# Predict the probability of default of credit card clients using Neural Designer

The objective of this example is to predict customer's default payments in a bank. This project's primary outcome is to reduce loan losses, but real-time scoring and limits monitoring are also achieved.

This example aims at the case of a customer's default payments in a bank. From the perspective of risk management, the result of the predictive model of the probability of default will be more valuable than the binary result of classification - credible or not credible clients.

The credit risk database used here is related to consumers' default payments in Taiwan. ### Contents:

This example is solved with Neural Designer. To follow it step by step, you can use the free trial.

## 1. Application type

This is a classification project, since the variable to be predicted is binary (default or not).

The goal here is to model the probability of default as a function of the customer features.

## 2. Data set

The data set is composed of four concepts:

• Data source.
• Variables.
• Instances.
• Missing values.

The data file credit_risk.csv contains the information used to create the model. It consists of 30000 rows and 25 columns. The columns represent the variables, while the rows represent the instances.

This data set uses the following 23 variables:

• limit_balance: Amount of the given credit (NT dollar): it includes both the individual consumer credit and his/her family (supplementary) credit.
• sex: Gender (1= male; 2= female).
• education_level: Education (1 = graduate school; 2 = university; 3 = high school; 4 = others).
• marital_status: Marital status (1 = married; 2 = single; 3 = others).
• age: Age (year).
• repayment_status_lag_1: Repayment status 1 month ago (-1 = pay duly; 1 = payment delay for one month; ... ; 9 = payment delay for nine months and above).
• repayment_status_lag_2: Repayment status 2 months ago ( - 1 = pay duly; 1 = payment delay for one month; ... ; 9 = payment delay for nine months and above).
• repayment_status_lag_3: Repayment status 3 months ago ( - 1 = pay duly; 1 = payment delay for one month; ... ; 9 = payment delay for nine months and above).
• repayment_status_lag_4: Repayment status 4 months ago ( - 1 = pay duly; 1 = payment delay for one month; ... ; 9 = payment delay for nine months and above).
• repayment_status_lag_5: Repayment status 5 months ago ( - 1 = pay duly; 1 = payment delay for one month; ... ; 9 = payment delay for nine months and above).
• repayment_status_lag_6: Repayment status 6 months ago ( - 1 = pay duly; 1 = payment delay for one month; ... ; 9 = payment delay for nine months and above).
• bill_state_amount_lag_1: Amount of bill statement 1 month ago (NT dollar).
• bill_state_amount_lag_2: Amount of bill statement 2 months ago (NT dollar).
• bill_state_amount_lag_3: Amount of bill statement 3 months ago (NT dollar).
• bill_state_amount_lag_4: Amount of bill statement 4 months ago (NT dollar).
• bill_state_amount_lag_5: Amount of bill statement 5 months ago (NT dollar).
• bill_state_amount_lag_6: Amount of bill statement 6 months ago (NT dollar).
• payment_amount_lag_1: Amount paid 1 month ago (NT dollar).
• payment_amount_lag_2: Amount paid 2 month ago (NT dollar).
• payment_amount_lag_3: Amount paid 3 month ago (NT dollar).
• payment_amount_lag_4: Amount paid 4 month ago (NT dollar).
• payment_amount_lag_5: Amount paid 5 month ago (NT dollar).
• payment_amount_lag_6: Amount paid 6 month ago (NT dollar).
• default: Failure to repay the loan.

On the other hand, the instances are divided at random into training, validation, and testing subsets, containing 60%, 20%, and 20% of the instances, respectively. More specifically, 18000 samples are used here for training, 6000 for selection and 6000 for testing.

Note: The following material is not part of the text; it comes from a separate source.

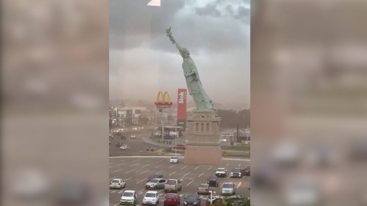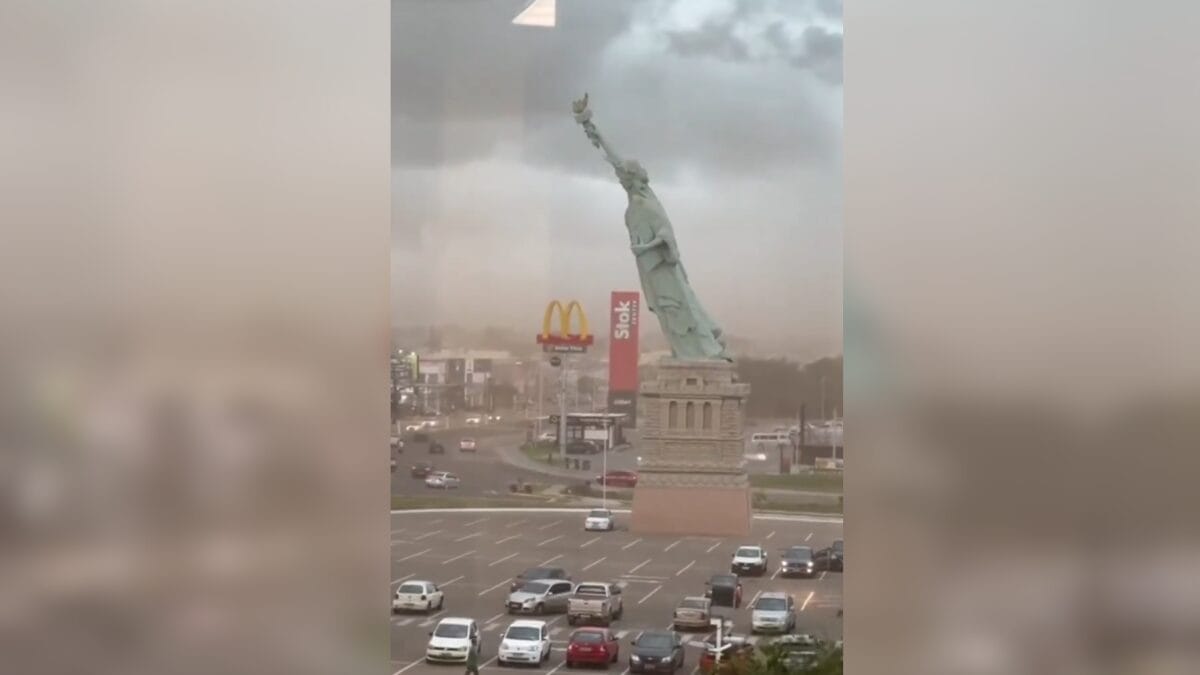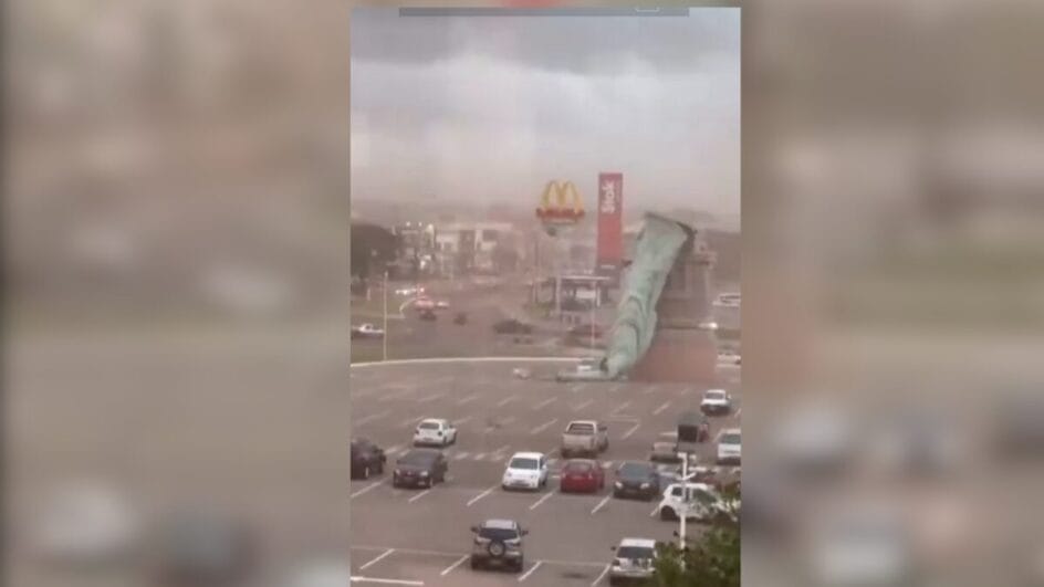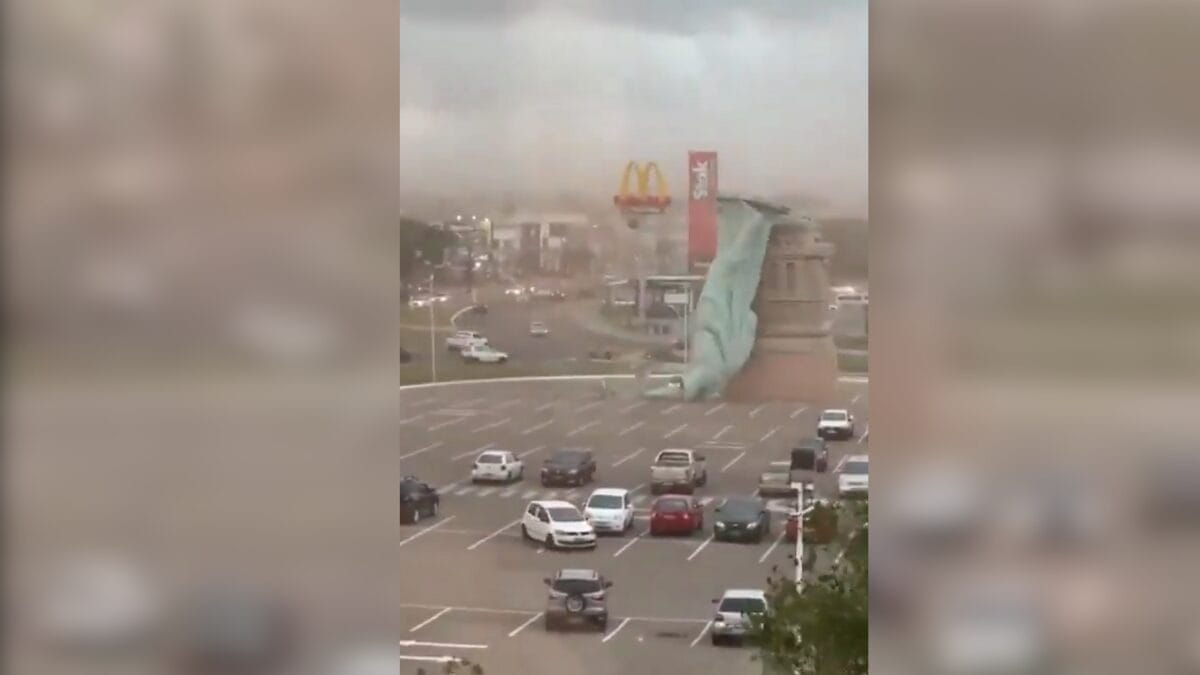 As rajadas de vento responsáveis por derrubar a estátua da Havan em frente à loja de Guaíba, no Rio Grande do Sul, chegaram a 85 km/h durante o temporal dessa segunda-feira (15), informou a prefeitura de Porto Alegre. Segundo a Defesa Civil, ao menos 49 municípios reportaram danos. Com informações do g1.
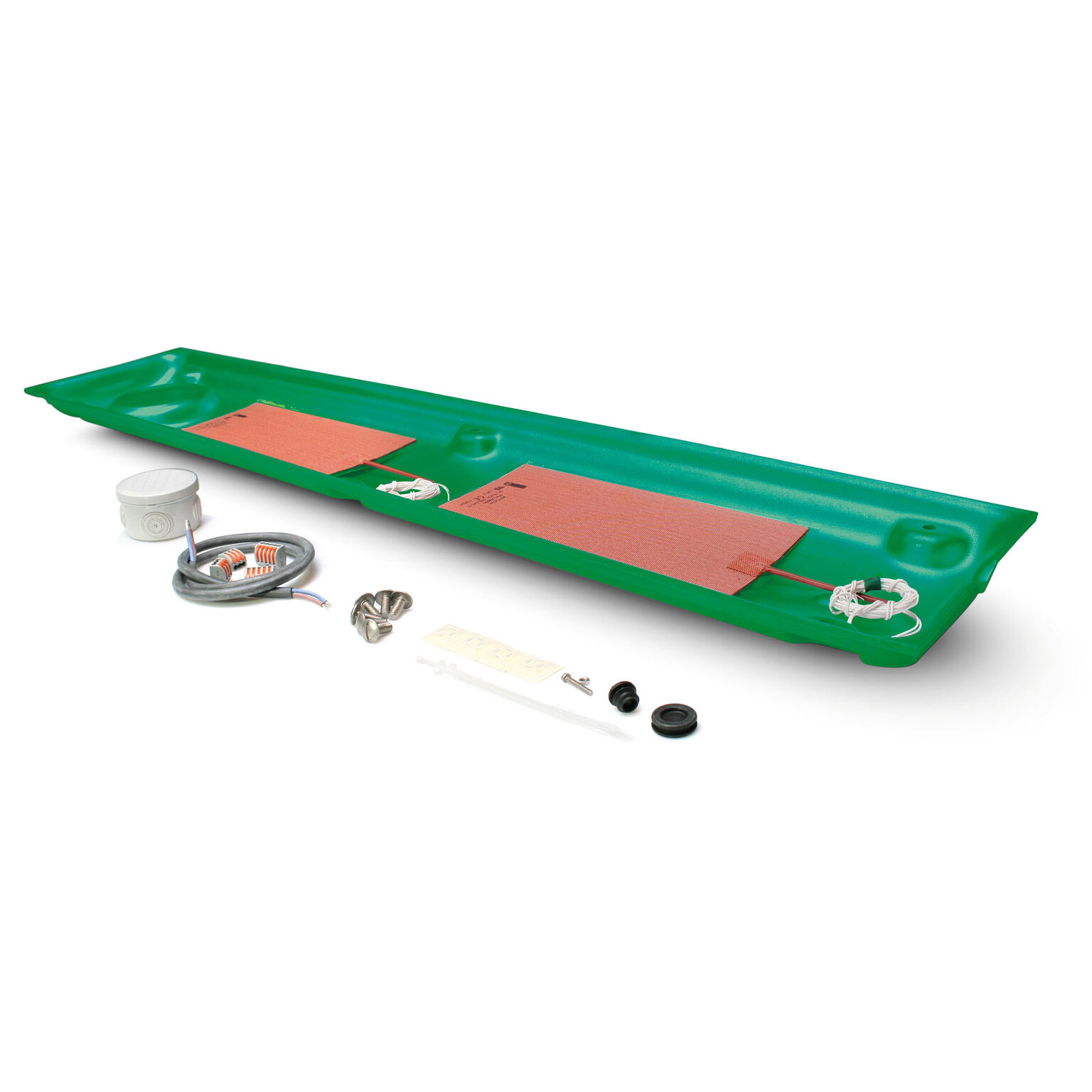 2 résistances adhésives 24 V /175 W à coller directement sous la cuve inox. Le capot en PE optimise le transfert de chaleur vers la cuve et évite les déperditions.

Once the data set is configured, we can calculate the data distribution of the variables. The next figure depicts the number of customers that do and do not repay the loan. As we can observe, the data is unbalanced; this information will be used to configure the neural network later.

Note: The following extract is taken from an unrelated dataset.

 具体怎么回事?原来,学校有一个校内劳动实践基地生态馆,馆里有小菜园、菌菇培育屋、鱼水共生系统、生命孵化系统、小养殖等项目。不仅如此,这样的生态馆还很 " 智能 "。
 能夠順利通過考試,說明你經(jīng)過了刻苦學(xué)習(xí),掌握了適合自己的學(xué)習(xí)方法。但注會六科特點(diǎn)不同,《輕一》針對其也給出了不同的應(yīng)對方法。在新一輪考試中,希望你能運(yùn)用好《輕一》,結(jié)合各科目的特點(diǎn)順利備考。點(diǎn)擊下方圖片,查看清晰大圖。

The next figure depicts the inputs-targets correlations of all the inputs with the target. This helps us to see the influence of the different inputs on the default. ## 3. Neural network

The second step is to choose a neural network to represent the classification function. For classification problems, it is composed of:

For the scaling layer, the mean and standard deviation scaling method is set.

We set 2 perceptron layers, one hidden layer with 3 neurons as a first guess and one output layer with 1 neuron, both layers having the logistic activation function.

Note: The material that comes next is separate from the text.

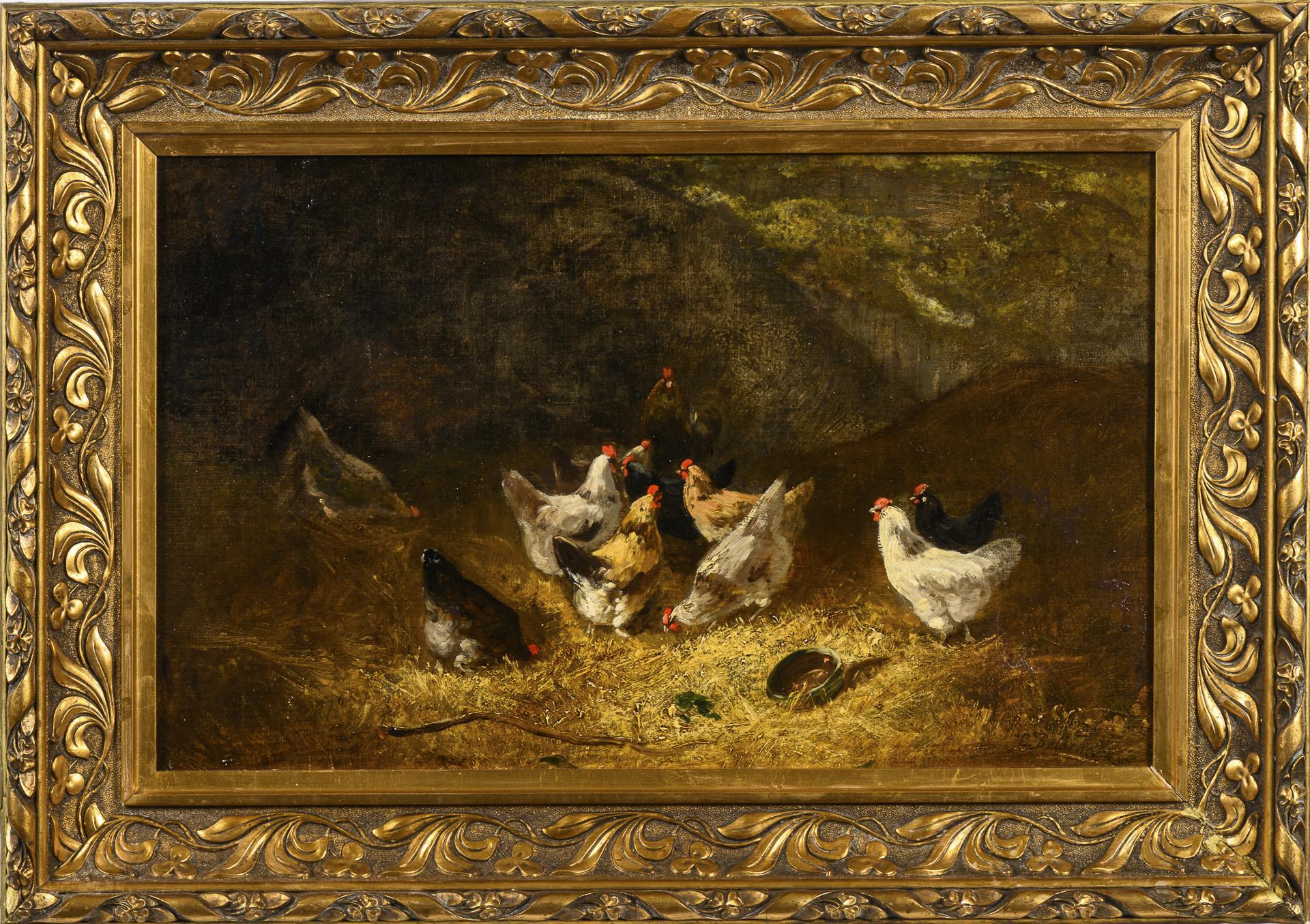 The animals on the straw searching for food against an indistinct background. Traces of age.

At last, we will set the continuous probabilistic method for the probabilistic layer.

The next figure is a diagram for the neural network used in this example. ## 4. Training strategy

The fourth step is to configure the training strategy, which is composed of two concepts:

• A loss index.
• An optimization algorithm.

The error term is the weighted squared error. It weights the squared error of negatives and positives values. If the weighted squared error has a value of unity, then the neural network is predicting the data 'in the mean', while a value of zero means a perfect prediction of the data.

In this case, the neural parameters norm weight term is 0.01. This parameter makes the model to be stable, avoiding oscillations.

The optimization algorithm is applied to the neural network to get the best performance. The chosen algorithm here is the quasi-Newton method, and we leave the default parameters.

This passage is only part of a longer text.